Chat completions

POST https://aiapiv2.pekpik.com/v1/chat/completions

OpenAI-compatible. Works with the official SDKs, LangChain, LlamaIndex, and any OpenAI-compatible client.

Request

curl https://aiapiv2.pekpik.com/v1/chat/completions \
  -H "Authorization: Bearer $PEKPIK_KEY" \
  -H "Content-Type: application/json" \
  -d '{
    "model": "claude-opus-4-7",
    "messages": [
      {"role": "system", "content": "You are concise."},
      {"role": "user", "content": "Explain HTTP/2 in one sentence."}
    ],
    "temperature": 0.7,
    "max_tokens": 512
  }'

Common parameters

Field	Description
`model`	Model ID (see Models).
`messages`	Array of `{role, content}`. Roles: `system`, `user`, `assistant`, `tool`.
`stream`	`true` to receive server-sent token chunks.
`temperature`, `top_p`	Sampling controls.
`max_tokens`	Output cap.
`tools`, `tool_choice`	Function / tool calling (where the model supports it).
`response_format`	Structured / JSON output (where supported).

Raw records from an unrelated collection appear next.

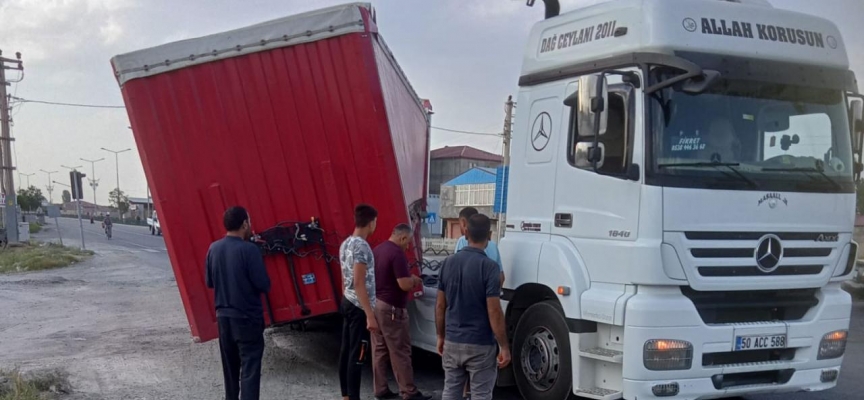 Ağrı Doğubayazıt istikametine seyir halinde olan tır Konaklı Mahallesi Kazım Karabekir Caddesi üzerinde bulunan kavşağı dönerken dorse çekiciden ayrıldı.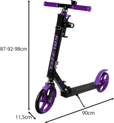 Lekka miejska hulajnoga KRUZZEL z dużymi kołami 200 mm zapewnia płynną jazdę po chodnikach i na nierównościach. Dzięki składanej konstrukcji, regulowanej kierownicy (87–92–98 cm) i hamulcowi nożnemu oferuje bezpieczeństwo, komfort oraz łatwe przenoszenie przy pomocy regulowanego paska. Antypoślizgowy deck, dodatki w zestawie oraz łożyska ABEC-7 zapewniają pewność oraz cichą, gładką pracę.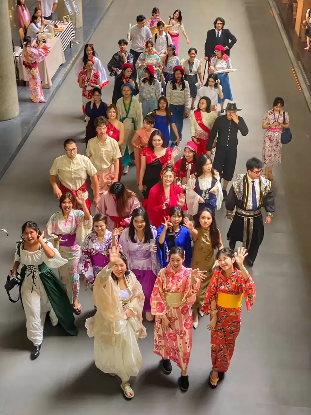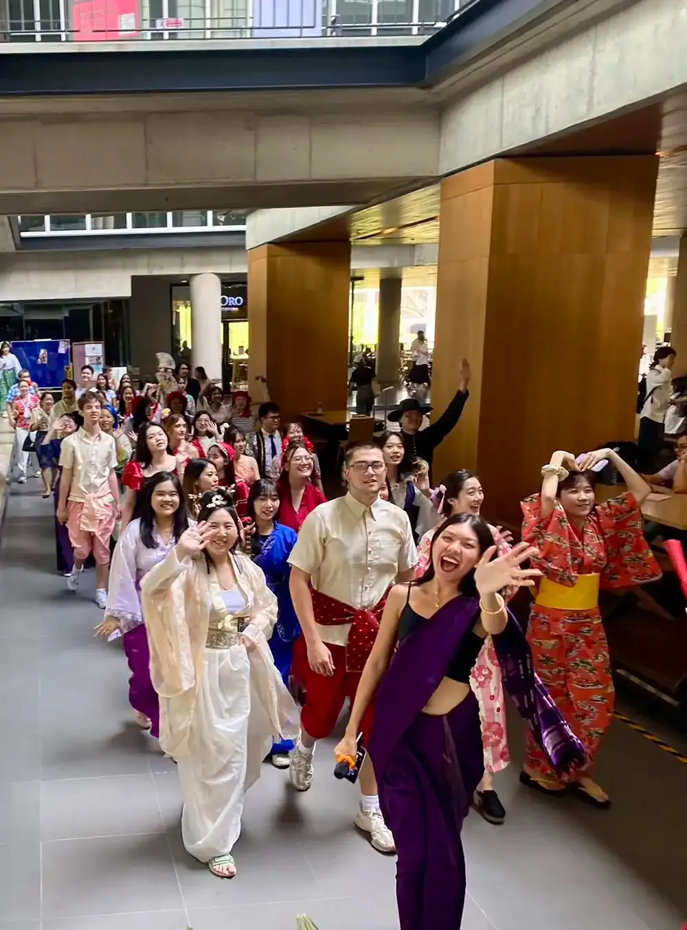 At first glance, you’d think it’s a United Nations event, what with all the colorful national costumes that the students and lecturers were wearing, but it’s February 28, not October, so this must be something else. Ah, yes, it’s the “National Costumes Parade” organized by the ICIC Ambassadors as part of the Humanities and Language Division’s “Art and Culture Week.”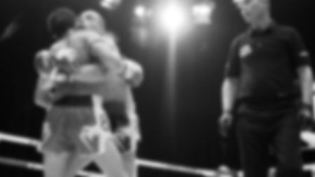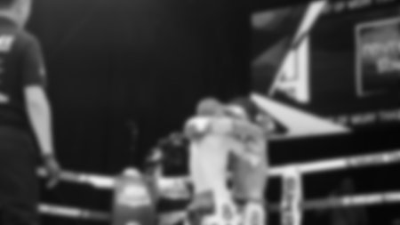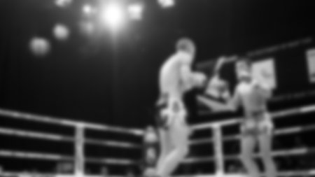 Blurred images black and white photo style of Thai boxing or Muay Thai or Kickboxing which local and foriegn boxer are fighting on the ring at indoor stage as martial art sport. Muay Thai Kick boxing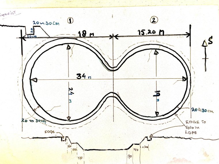 บ่อสวนจัดน้ำ ภายในพื้นที่สวนตัว ที่ขุดไว้เป็นรูปทรงคล้ายเลข 8 เพื่อใช้งานจัดสวนตกแต่งพื้นที่ เนื่องจากพื้นที่ไม่สามารถกักเก็บน้ำได้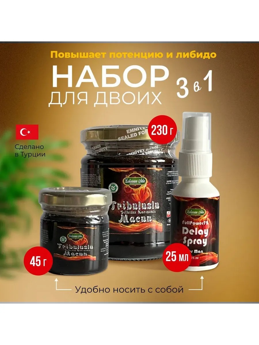 | Composition | spray for prolonging sexual intercourse do spray - 1 pc; honey for potency 42 g; paste for potency large jar 230 g |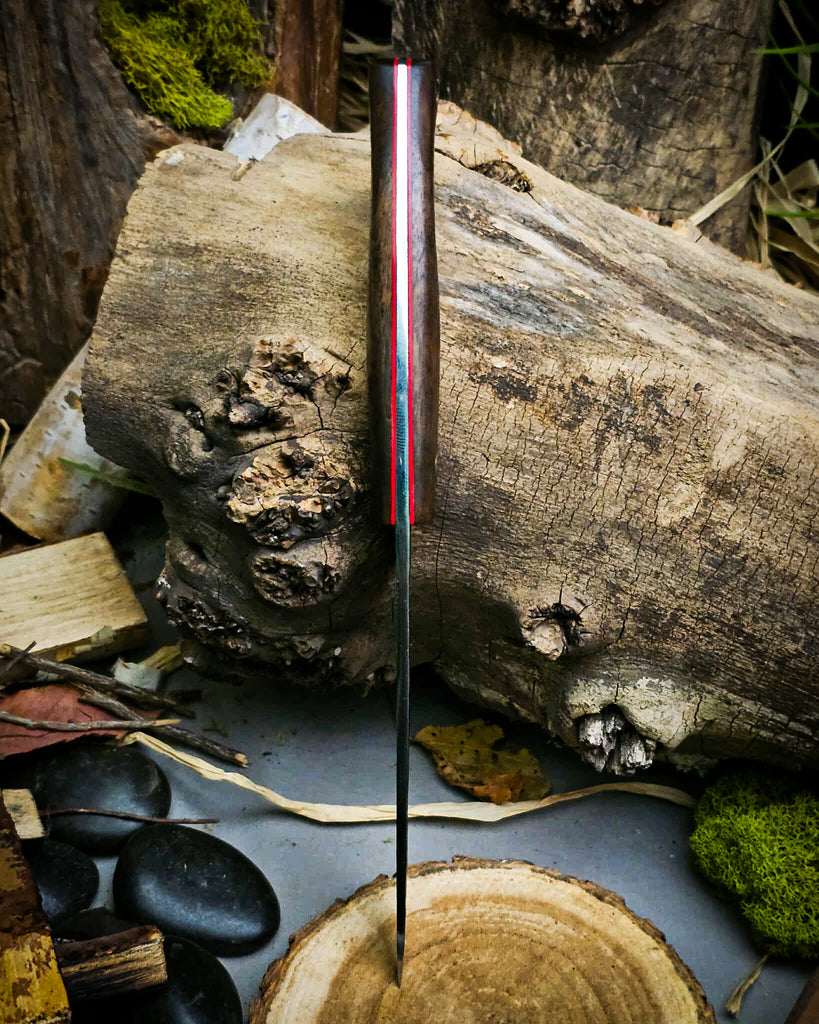 This knife was forged from 80crv-2 high carbon steel. It features a black walnut handle with red liners and brass pins.

Feature support (vision, tools, structured output, streaming) mirrors the upstream model — nothing is stripped.

Response

{
  "id": "chatcmpl-...",
  "object": "chat.completion",
  "model": "claude-opus-4-7",
  "choices": [
    { "index": 0, "message": { "role": "assistant", "content": "..." }, "finish_reason": "stop" }
  ],
  "usage": { "prompt_tokens": 24, "completion_tokens": 18, "total_tokens": 42 }
}

Notes

For very large max_tokens, see provider-specific limits; the gateway may clamp to a safe ceiling on some pooled channels.
On a transient upstream failure the gateway automatically retries on another channel (see HA).